**TRY IT**
Please transcribe the data that follows without the pictures, keeping every word the same.

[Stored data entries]

● ● ● ● ● ● ●

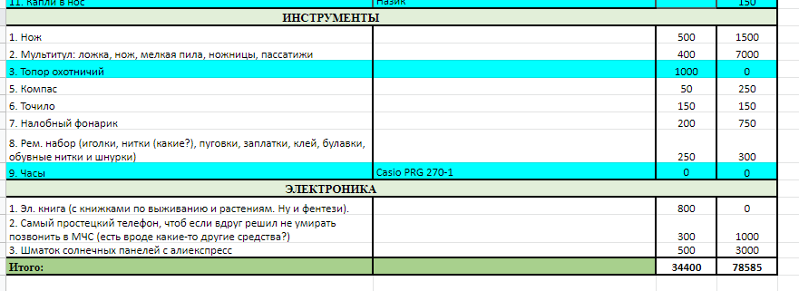 Тем временем список эквипа уже не умещается на 2ух скрина, пиздос. И вес достиг под 40к, а стоимость - под 80, хотя создавал тред с целью все то уменьшить. Кто-нить помогите урезать все то говно, что я собрал. Алсо, посоветуйте конкретных моделей эквипа, не отмеченного никаким цветом.
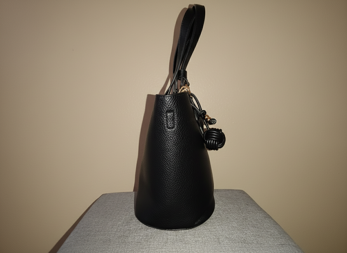 Sac à main en simili-cuir grainé, décoré d'un pendentif en forme de boule agrémentée d'une étoile.
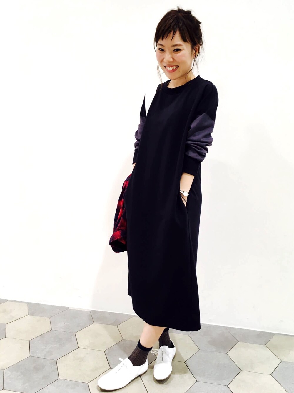 スエット素材で楽チンワンピ😌
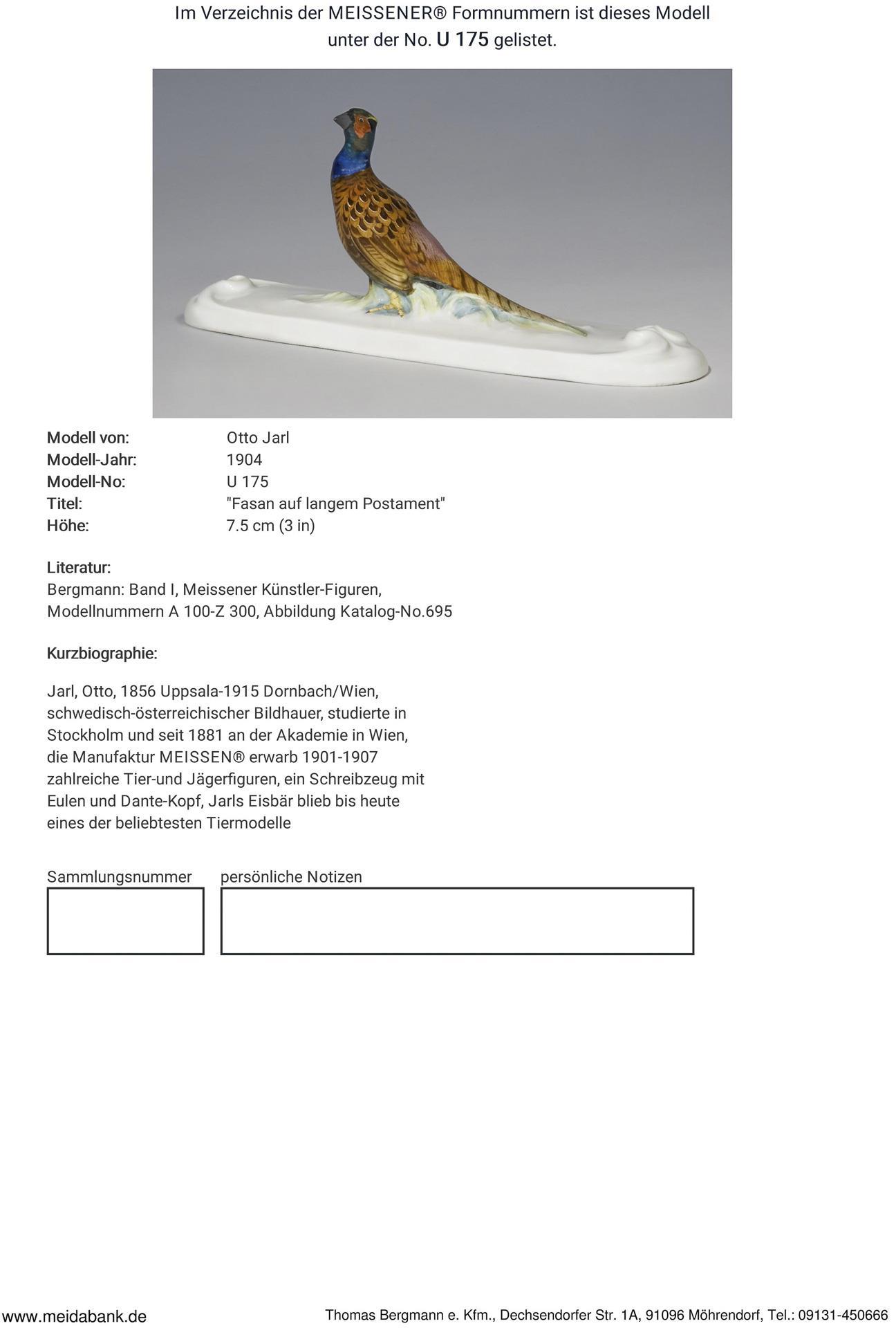 Modell-Jahr: 1904, naturalistisch bemalt, unglasierter Boden, Ritzmarke, Schwertermarke. Kopf partiell restauriert, eine Federohrspitze bestoßen.
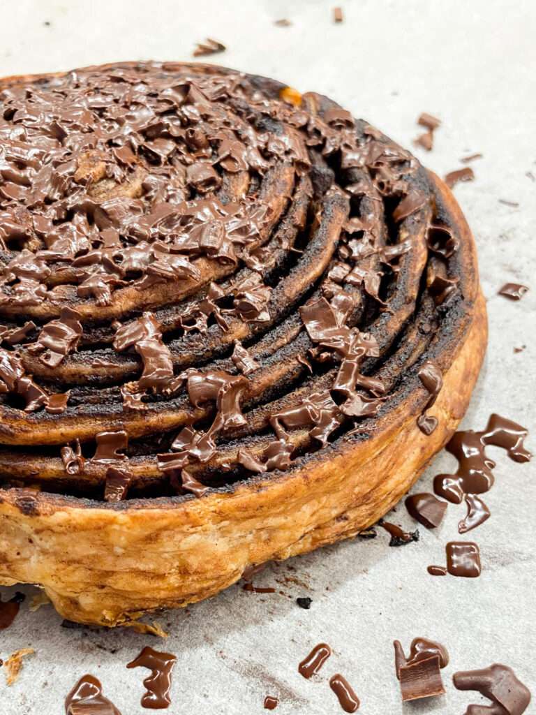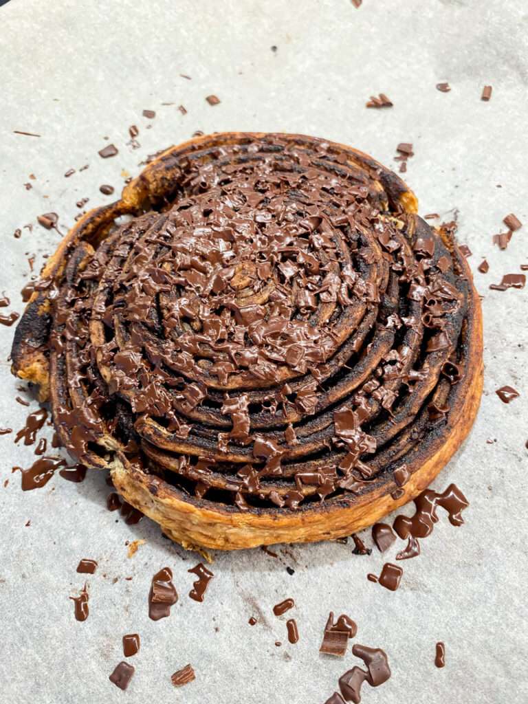 A kitekert tésztát kend meg vajjal, egyenletesen szórd rá a kakaós keveréket és reszeld rá a csoki kb. kétharmadát. A tésztát hosszában vágd fel 8 csíkra. Az elsőt tekerd fel, majd a többit hozzáillesztve készíts egy nagy csigát. Mehet is a tepsire, aztán már csak kend meg a maradék vajjal és légkeveréssel kb. 35-40 perc alatt süsd készre. Még forrón reszeld rá a maradék étcsokit.
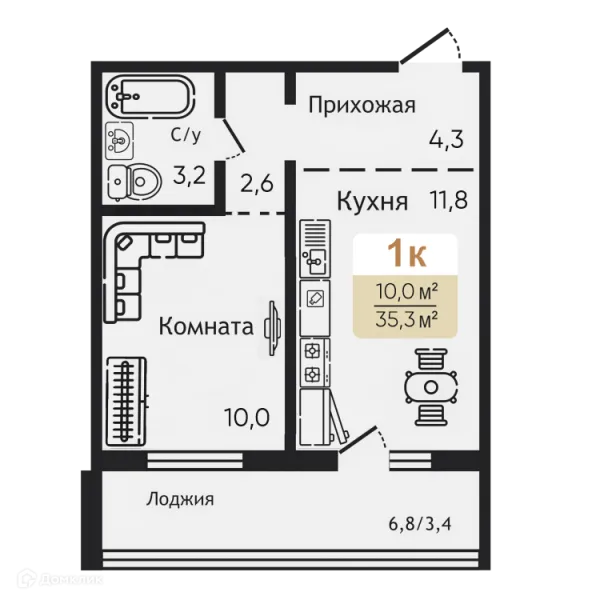 1 комн. квартира в Кургане в ипотеку от 32 569 руб/месяц
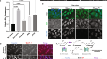 For cell fractionation, cells were gently resuspended in 500 µl of hypotonic lysis buffer (10 mM Tris pH 8.0, 1.5 mM MgCl2, 10 mM NaCl, 1 mM DTT) and vortexed for 4 s. After centrifugation at 1000 g (4 °C) for 5 min, supernatant (cytosolic fraction) was recovered. Pellet fraction (washed twice with hypotonic lysis buffer) was resuspended in 500 µl lysis buffer A (10 mM Tris pH 8.0, 140 mM NaCl, 1.5 mM MgCl2, 0.5% NP40, 1 mM DTT). The supernatant (microsomal fraction) was recovered. Pellet-nuclear fraction (washed twice and resuspended in 500 µl of lysis buffer A) was transferred to a 5-ml round-bottom tube and 50 µl of detergent mix (3.3% (w/v) sodium deoxycholate, 6.6% (v/v) Tween 40) were added. After incubation on ice for 5 min, the supernatant-postnuclear fraction was recovered (perinuclear fraction). The pellet-nuclear fraction (washed with buffer A) was resuspended in 500 µl of lysis buffer A supplemented with 0.1% SDS and sonicated. After centrifugation at 1000 g (4 °C) for 5 min, supernatant (nuclear fraction) was transferred into a fresh tube.
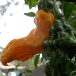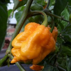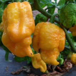Uit de (zeer hete) rode 7 Pot Primo (uit Trinidad) is deze gele mutatie ontstaan en als apart ras doorgegeven. Voorlopig blijft deze nog geel, hoewel we de soortechtheid in de toekomst niet kunnen voorspellen... Deze gele variëteit is iets minder heet, iets zoeter met een tikje citroenaroma. De planten groeien ongeveer 80-100 cm hoog. De naam dankt deze hete peper aan de eigenschap, dat je met 1 peper wel 7 stoofpotten voldoende scherpte kan geven!
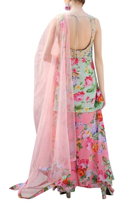 Green Floral Print Low Back Kurta Palazzo Set
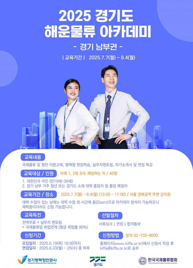 경기평택항만공사가 해운·항만·물류 전문인력의 양성을 위해 오는 19일까지 '해운물류 아카데미' 교육생 40명을 모집한다. 지원 대상은 도내 거주 청년(19세~34세) 또는 도내 대학 졸업(예정)자다.
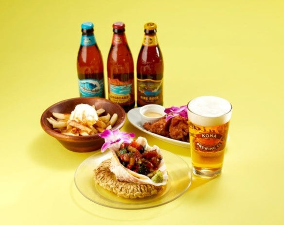 おつまみ6種の中から2品(まぐろのポキサラダ・ジャワイアンポテト・モチコチキン・スパムフライ・オニオンリング・枝豆)+ハワイアンビール3種の中から1本

● ● ● ● ● ● ●

**ANSWER TO THE PROBLEM**
 Тем временем список эквипа уже не умещается на 2ух скрина, пиздос. И вес достиг под 40к, а стоимость - под 80, хотя создавал тред с целью все то уменьшить. Кто-нить помогите урезать все то говно, что я собрал. Алсо, посоветуйте конкретных моделей эквипа, не отмеченного никаким цветом.
 Sac à main en simili-cuir grainé, décoré d'un pendentif en forme de boule agrémentée d'une étoile.
 スエット素材で楽チンワンピ😌
 Modell-Jahr: 1904, naturalistisch bemalt, unglasierter Boden, Ritzmarke, Schwertermarke. Kopf partiell restauriert, eine Federohrspitze bestoßen.
 A kitekert tésztát kend meg vajjal, egyenletesen szórd rá a kakaós keveréket és reszeld rá a csoki kb. kétharmadát. A tésztát hosszában vágd fel 8 csíkra. Az elsőt tekerd fel, majd a többit hozzáillesztve készíts egy nagy csigát. Mehet is a tepsire, aztán már csak kend meg a maradék vajjal és légkeveréssel kb. 35-40 perc alatt süsd készre. Még forrón reszeld rá a maradék étcsokit.
 1 комн. квартира в Кургане в ипотеку от 32 569 руб/месяц
 For cell fractionation, cells were gently resuspended in 500 µl of hypotonic lysis buffer (10 mM Tris pH 8.0, 1.5 mM MgCl2, 10 mM NaCl, 1 mM DTT) and vortexed for 4 s. After centrifugation at 1000 g (4 °C) for 5 min, supernatant (cytosolic fraction) was recovered. Pellet fraction (washed twice with hypotonic lysis buffer) was resuspended in 500 µl lysis buffer A (10 mM Tris pH 8.0, 140 mM NaCl, 1.5 mM MgCl2, 0.5% NP40, 1 mM DTT). The supernatant (microsomal fraction) was recovered. Pellet-nuclear fraction (washed twice and resuspended in 500 µl of lysis buffer A) was transferred to a 5-ml round-bottom tube and 50 µl of detergent mix (3.3% (w/v) sodium deoxycholate, 6.6% (v/v) Tween 40) were added. After incubation on ice for 5 min, the supernatant-postnuclear fraction was recovered (perinuclear fraction). The pellet-nuclear fraction (washed with buffer A) was resuspended in 500 µl of lysis buffer A supplemented with 0.1% SDS and sonicated. After centrifugation at 1000 g (4 °C) for 5 min, supernatant (nuclear fraction) was transferred into a fresh tube.
Uit de (zeer hete) rode 7 Pot Primo (uit Trinidad) is deze gele mutatie ontstaan en als apart ras doorgegeven. Voorlopig blijft deze nog geel, hoewel we de soortechtheid in de toekomst niet kunnen voorspellen... Deze gele variëteit is iets minder heet, iets zoeter met een tikje citroenaroma. De planten groeien ongeveer 80-100 cm hoog. De naam dankt deze hete peper aan de eigenschap, dat je met 1 peper wel 7 stoofpotten voldoende scherpte kan geven!
 Green Floral Print Low Back Kurta Palazzo Set
 경기평택항만공사가 해운·항만·물류 전문인력의 양성을 위해 오는 19일까지 '해운물류 아카데미' 교육생 40명을 모집한다. 지원 대상은 도내 거주 청년(19세~34세) 또는 도내 대학 졸업(예정)자다.
 おつまみ6種の中から2品(まぐろのポキサラダ・ジャワイアンポテト・モチコチキン・スパムフライ・オニオンリング・枝豆)+ハワイアンビール3種の中から1本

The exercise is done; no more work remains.